Additionally, to ensure that search engine crawlers understand and index the kind of content you’re providing, you want to include ‘alt tags’ to provide context as well as a visual aid for otherwise impaired users on your site. Similarly, the copy on the page should be relevant to the image too so that search engines can cross-reference the two and help it with ranking the site more holistically.

Another little tip when it comes to imagery and improving your site speed – where you can, use unique imagery! Stock photos won’t necessarily hinder your search engine ranking but using your own original imagery is akin to using original written content – Google will look kindly upon you! Plus, other websites are likely to have used them so that doesn’t bode as well.
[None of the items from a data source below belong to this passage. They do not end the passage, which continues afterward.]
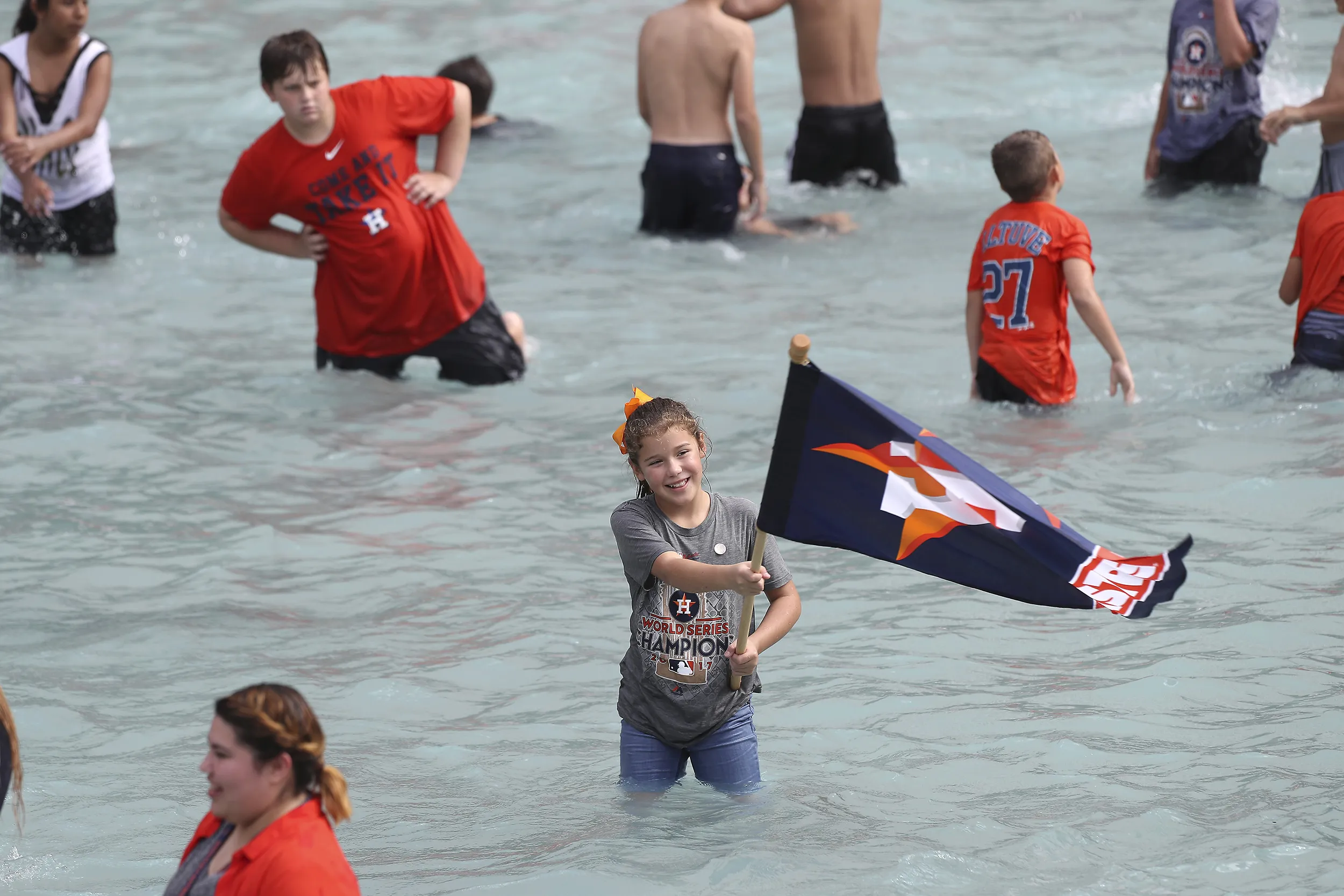 A young fan holds a team flag during the parade and celebration for the baseball World Series champion Houston Astros, Friday, November 3, 2017, in Houston. (Photo by Steve Gonzales/Houston Chronicle via AP Photo)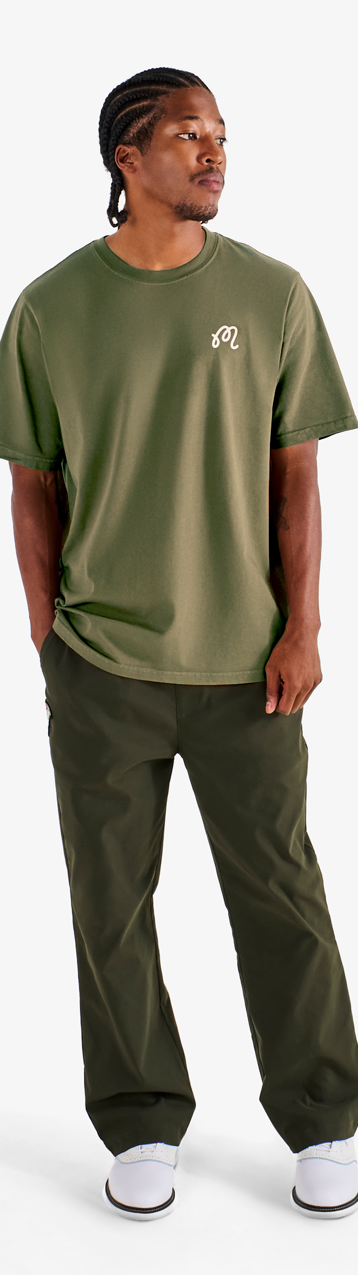 A classic, flipped. This tee’s your everyday go-to, a leveled-up essential made to move easy. Soft premium cotton, relaxed fit, and made in the USA—it’s built for whatever the day throws at you, from course to coast.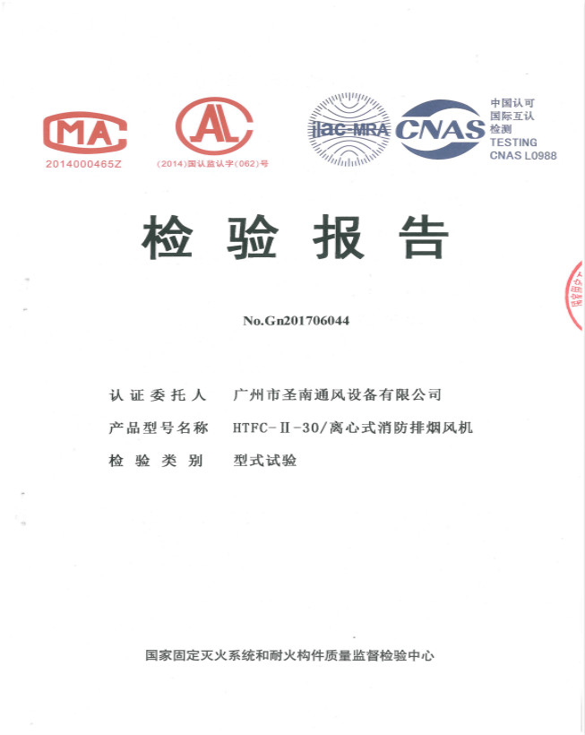 HTFC-II-20-DC-9.5-3.1離心式消防排煙風(fēng)機檢驗報告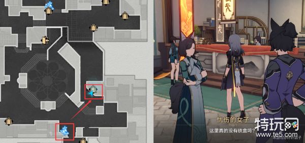 2)直接转身就能看到,和愁眉紧锁的年轻人对话,获得铁盒。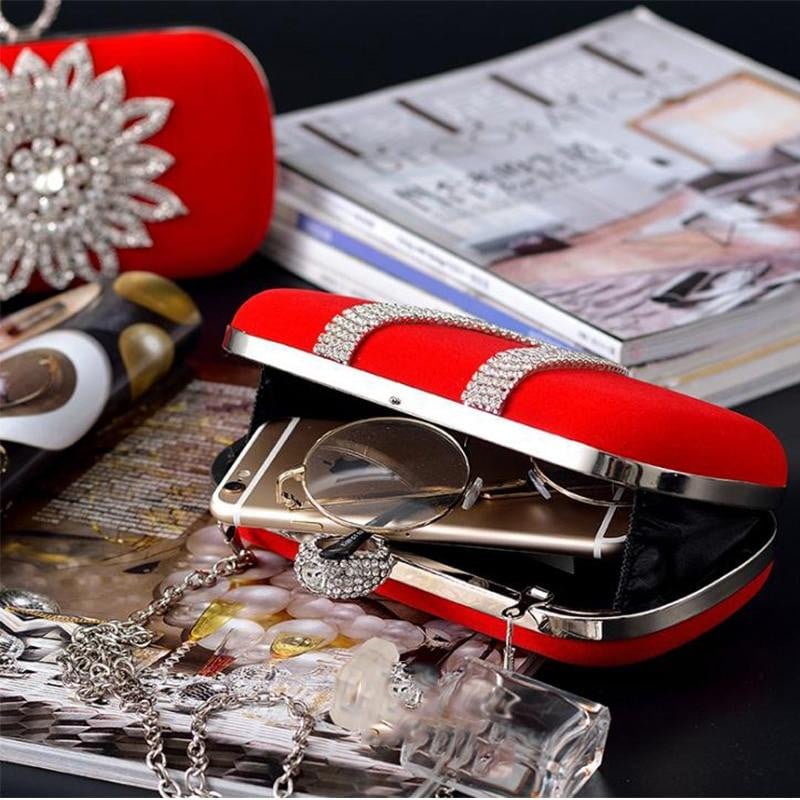 This bag is inlaid with diamonds. These diamonds form the shape of the flower. There are 2 styles (A and B) and 2 colors (red and black) to choose from. The style A is in a shape of flower. The style B is U-shaped.
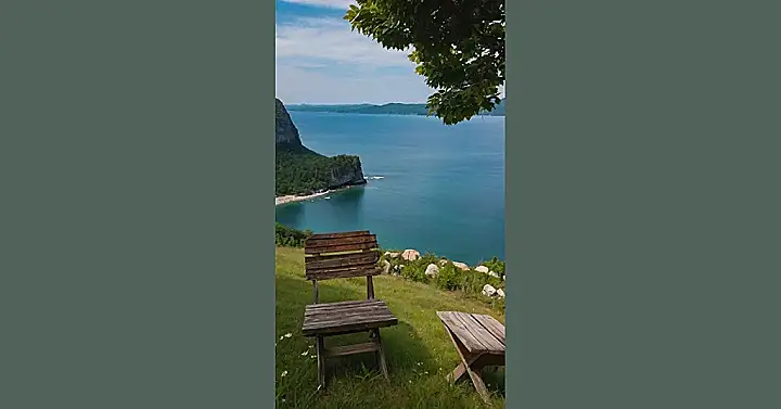 Imagine this: you’re chilling on a rustic wooden chair, feeling the gentle breeze on your face. The view? Absolutely stunning! Crystal-clear turquoise water stretches out as far as the eye can see, framed by lush green hills and a rocky coastline. It’s like a postcard, but way better because you’re actually *there*, living your best life and maybe even trying to catch a few rays. This picture screams “beautiful tranquil places,” and honestly, I wouldn’t mind spending a whole summer vacation here – maybe with a really good book and a big sun hat!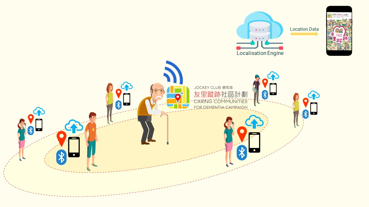 When the dementia angels’ mobile phones detect the iBeacon, their location would be anonymously sent to our cloud server and our localization engine would calculate the location of the iBeacon which would then be sent to the caregivers to help their searching. Such technology not only facilitates family caregivers’ search for the lost relatives with dementia but also promotes dementia friendliness community by mobilising the public to help older people with dementia who get lost.

Extra tips to improving site speed


As you can probably tell, improving your site speed and reducing load times is quite a technical endeavour, which is why the next load reducing tip we can provide has to do with hosting. Basically, your hosting choice will have a not insignificant impact on your SEO because your hosting will decide the speed at which your website will load.

If you share a server with many other sites, you’re more likely to experience bottlenecks in loading which could be detrimental to your bounce rate over time. Therefore, an ideal rule would be to pay for a server that fewer companies do – i.e. pay more, get more out of it. If improving site speed is a real objective for your marketing strategy, then upgrading to a premium or dedicated server may just be your silver bullet.